Rosa Manríquez, 68, an ordained Catholic priest and member of the Immaculate Heart Community, says: “In authoritarian groups, little things are introduced so that people start talking in order to protect the big problems.

“With Cardinal McIntyre’s complaints about the community, very little attention was paid to things like whether they will be able to choose what their job would be; what time were they going to pray; being able to be a professor or not be a professor during the same time they go to university withdrawing from a school that the archdiocese was not funding properly. “

When the sisters rebelled, McIntyre proved to be a ruthless enemy and many felt he mishandled the situation. Under pressure from the Vatican, resigned in 1970 at the age of 83.

Manríquez, who was raised by the Immaculate Heart sisters and blamed McIntyre’s revenge for the closure of a school she attended in downtown Los Angeles, reflects: “I would say it was necessary for me to personally forgive Cardinal McIntyre because my childhood was simply broken through his actions.

“It was necessary for me to do that because feeding resentment, anger, hatred, everything else hurt me more than him. Simply forgiving and realizing that he was not an angel, he was not a devil, he was not a saint, he was not a demon, he was a human being. And human beings can do beautiful and wonderful things and they can do very stupid things. He was simply a human being and he has his place in history and we have ours and I would dare to say that I think things turned out well ”.

Half a century later, what does Dowling think of McIntyre now? “Instead of feeling negative, and I know that some of our members still have negative feelings, I think it gave us the opportunity to follow what the Vatican Council had said was part of the modern world.

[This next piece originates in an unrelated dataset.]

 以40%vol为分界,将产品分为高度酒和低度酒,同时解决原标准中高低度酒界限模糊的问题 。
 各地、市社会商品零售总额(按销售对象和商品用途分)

“At the same time we were following the spirit of being part of the modern world and having to resist the orders of the hierarchy. I see it as a way to get out of the limits of the past and seek a new path towards self-determination, in order to serve in the spirit. We were called to serve others, to work with the poor, to be compassionate people and to go into the world instead of withdrawing from the world ”.

A Rebel Hearts alembic
Photography: discovery +

It is surely no coincidence that this drama was set in Hollywood, a place where McIntyre, a stick in the mud reminiscent of Meryl Streep’s school principal in the movie Doubt, was always going to fight to stem the tides of change. Activists like Jane Fonda, Tom Hayden and Buckminster Fuller showed up on the university campus.

Dowling says, “I think the climate and culture of Los Angeles contributed to our faculty, our students, everyone’s willingness to grow in the sun. Physically, morally, educationally and intellectually, that was a time and still is a time of curiosity, of experimentation, of taking risks and warming ourselves in the sun and being welcomed and welcoming others to our western oasis. “

Manríquez, an activist for racial justice and LGBTQ + rights critical of the current Vatican, agrees that the location was key. “How are you going to keep this secret? An institution that thrives on secrecy was trying to do great spiritual violence to a group of women in a city where there are no secrets.

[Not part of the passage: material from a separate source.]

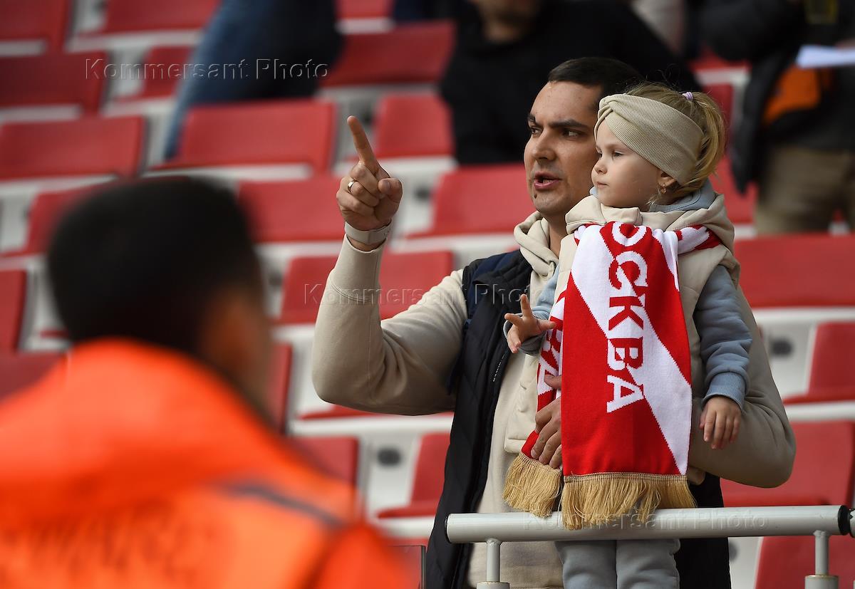 Российская Премьер-Лига (РПЛ). Тинькофф - Чемпионат России по футболу 2021/2022. 29-й тур. Матч между командами "Спартак" (Москва) – "Зенит" (Санкт-Петербург) на стадионе "Открытие Арена". Болельщики на трибуне перед матчем.

She adds: “I have heard it said that if you want to make God laugh, tell God your plans, and I have the feeling that God has a very wicked sense of humor to have put Cardinal McIntyre in Hollywood at the time that He or She put Cardinal McIntyre here. “

Director Kos, who grew up as a gay man in Catholic Brazil, says that when he first heard the story of sisters Immaculate Heart from producers Shawnee Isaac-Smith and Kira Carstensen, it was like an arrow in his heart.

“The more I worked on this movie, the more current the story became,” he explains on Zoom. “I never felt like I was making a historical movie. I felt like I was making a movie about today and I was really exploring and doing deep meditation on change and what this change was like.

“The twists and turns and the ebbs and flows and the perseverance that it takes and the cost it can take and the sacrifices one has to make really speak to where we are now at this time when we have to question these authorities and these structures. that govern our lives ”.